Now, there are some parts of this plot that have potential, and some parts that don’t. And what doesn’t have potential for me might have potential for you! That’s what’s important about this stage. It’s a framework. It’s scaffolding. You take that summary and you build on it. Whatever you read into that – that’s the story you really want to tell.
What I really wanted out of this story was Zachariah, and everything was built around him. I wanted him to be the villain, but a villain who could act as the POV character of a story – that’s still a very interesting idea to me. Everything else was in service of that. What does a villain do? What makes a villain sympathetic? Those were the ideas I was really trying to get at.
After Zachariah, almost everything was a practical choice, which is always where you have to start with learning to develop plots. They need to be functional before they can be compelling. So, I needed a plot for a sympathetic villain, which meant that I needed a motive, a goal, and a crime. And... that’s about where I started tossing things in at random. I needed a motive, a goal, and a crime, so I came up with a motive (loves magic), a goal (wants magic to exist openly), and a crime (human sacrifice)– hesitant imitations of things I’d read before, things that made sense in this context.
The best thing to come out of that exercise, I think, was Rowan, Zachariah’s right-hand man. Rowan loved Zachariah very much; they’d been friends for years, and Rowan considered himself Zachariah’s protector. But eventually Rowan could no longer excuse him, nor could he ignore the fact that Zachariah was destroying himself, and he betrayed him – still, somehow, out of love. And that is a compelling storyline. That’s still in my pocket for later.
Out of that one discarded novel, I got two good characters, one good subplot, and a handful of wet spaghetti. I tried a lot of things that didn’t work, and I figured out why they didn’t work.
- Zachariah’s motive was not compelling. I made it up; it didn’t come from anything I was passionate about, and that made it hollow. So, from the start, this story was hamstrung. And I know that now!
- I didn’t understand how cults worked. I’ve done a lot of true crime reading since then, and a lot of the emptiness in this story came about because I didn’t know why cults formed, what drove them, or what bound them together. Without that knowledge, all you have is a band of orcs, which is not interesting.

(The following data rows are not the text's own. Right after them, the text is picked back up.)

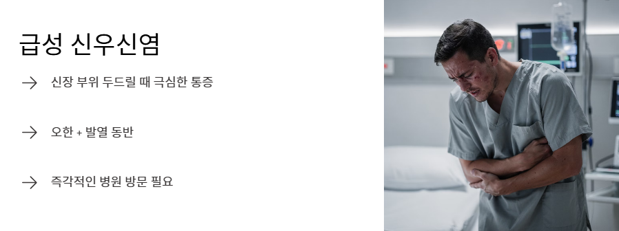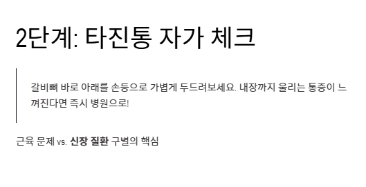 - 두드렸을 때의 통증(타진통)이나 고열, 소변 이상이 있다면 즉시 응급 처치가 필요합니다.
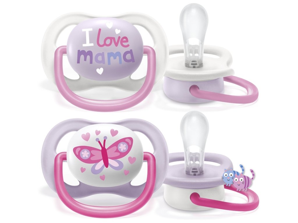 Philips AVENT Šidítko Ultra air Text 0-6m dívka, 2 ks
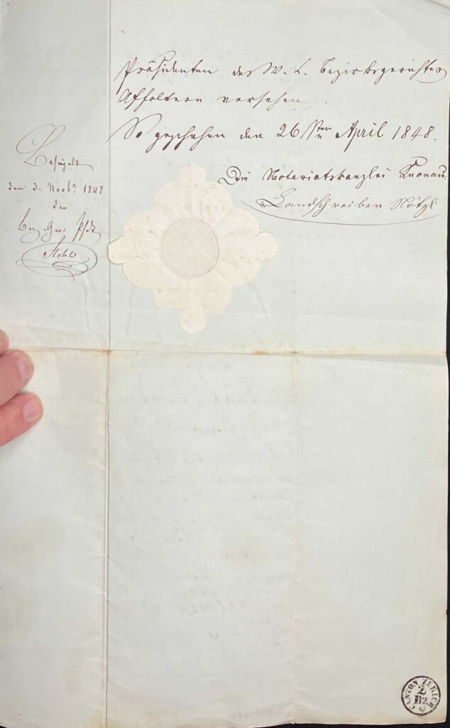 Besiegelt Die Notariatskanzlei Knonau den 3. Novbr. 1848.
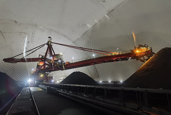 浙能樂(lè)清發(fā)電公司斗輪機(jī)通宵堆料提庫(kù)存。通訊員 孫超 攝
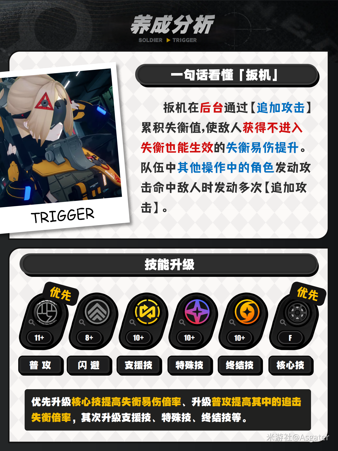 ② 扳机的追击既是普攻、也是追击,所以升级普攻。
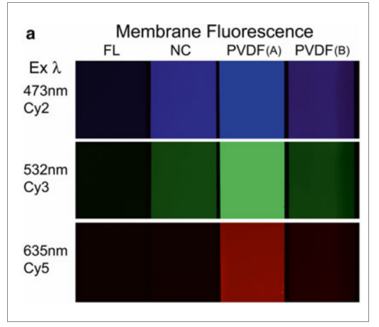 图1 低荧光PVDF膜有低背景(Ex: 473/532/635nm)
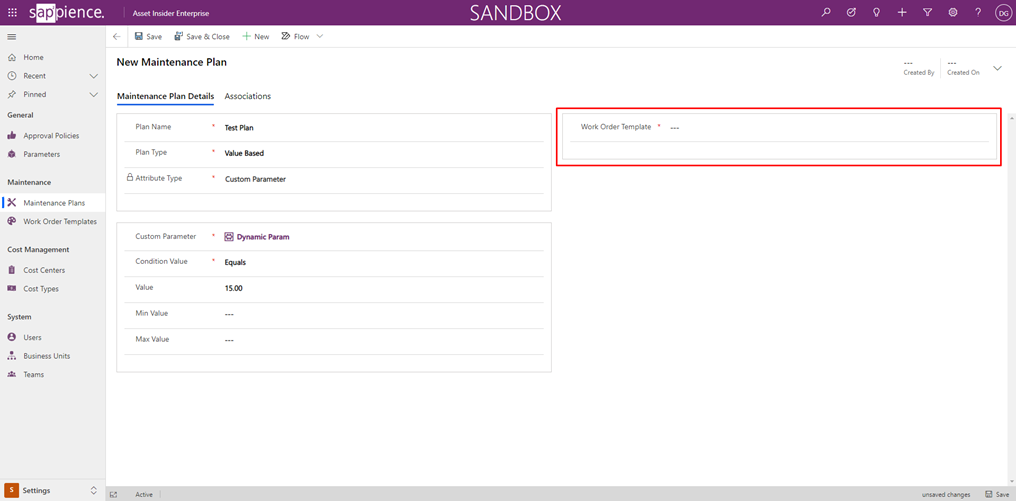 Before setting up a maintenance plan you need to create a Work Order Template that it will use later for automatically generating Work Orders based on this template.
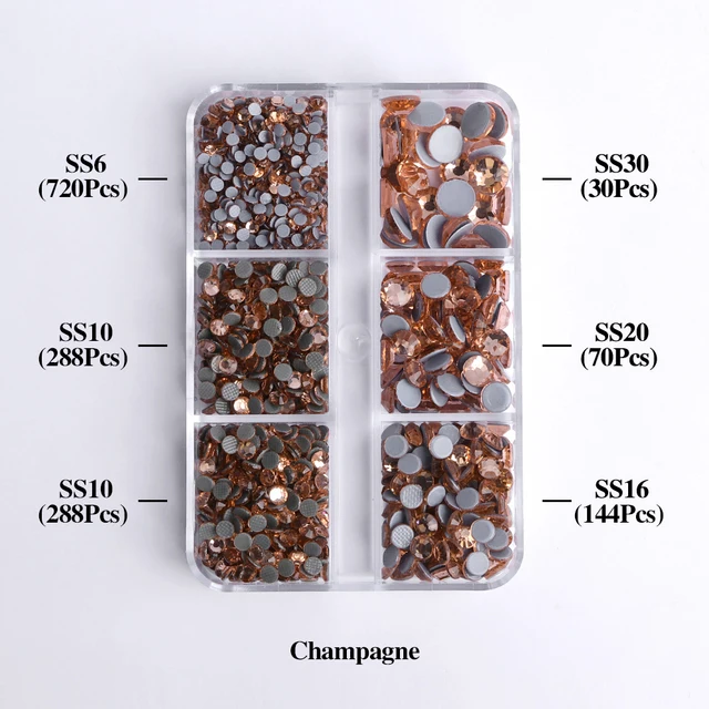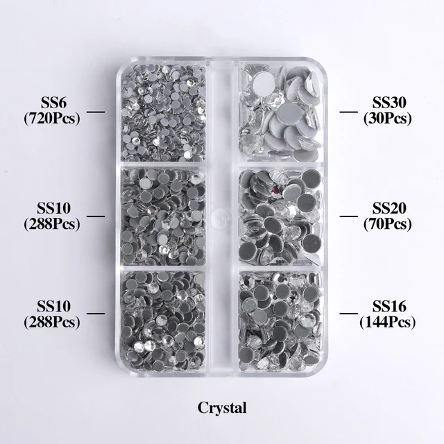 1540Pcs Mixed Sizes SS6-SS30 Glass Hotfix Rhinestones 6Grid Box Flat Back Glitter Crystal Strass Iron On Rhinestones for Clothes
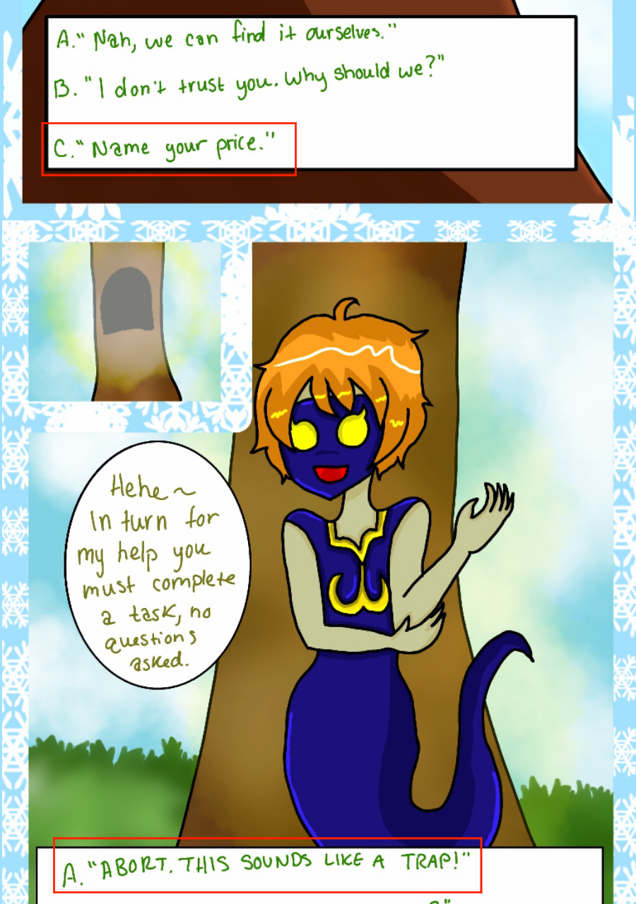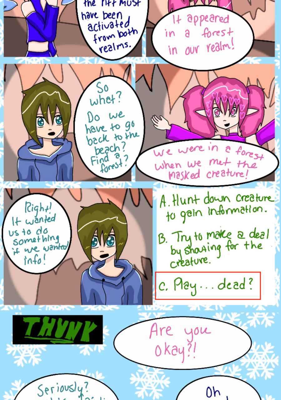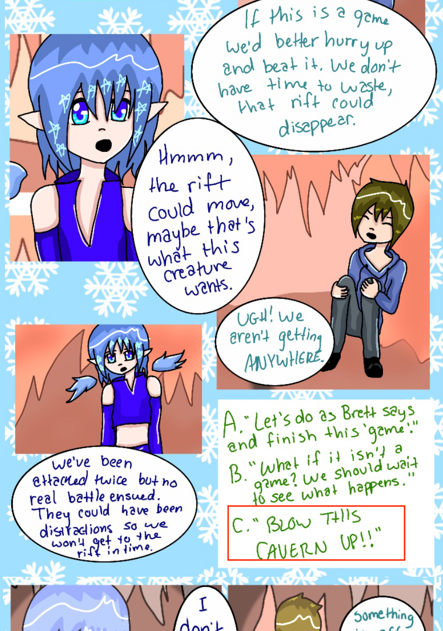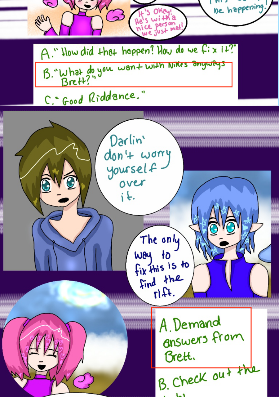 Continuation of a comic known as SabotageYC, previously known to be a 'choose your own adventure' comic on the site Paigeeworld, which has since shut down, but now has turned into a normal comic. These pages are placed here for readers to continue reading this comic as well view the beginning.

- To that effect, I also didn’t understand how police investigations worked. (Yes, this was an urban fantasy.) So, while I knew vaguely that I wanted Zachariah to be involved and covering for himself (a la Dexter) I didn’t know how to make that happen, and it showed. None of it made sense.
- The hero of the story? Boring. I barely remember her name. I think it was Jenna? It doesn’t matter, because all she did was follow a formula. She had no motives of her own except the requisite ‘hey, who the hell is murdering people?’ This was a mistake. Without a motive, she had no drive, and there was no drama from her end. She was not proactive, which was a huge problem for me in my earlier work. She was just filling a role, and that left a huge, gaping hole in the emotional makeup of the story.
It comes down to, you don’t know what you don’t know. And you don’t know what you need to know until you try it. Same as with worldbuilding, that research will drive you insane if you try to learn everything. You are not a doctor. You are not a police officer. You are not a lawyer. And that’s okay! All you need to know is what matters for your plot. Once you have those facts, you’ll get your compelling and natural storyline, but until then, feel free to grope blindly through the darkness.
Stories reflect reality. Write your story, find out what was wrong with your story, and then write it again. That’s how you end up with something that makes sense – that resonates with your reader. You’re not going to start at step three, because you can’t figure out what’s wrong with a story that you never wrote.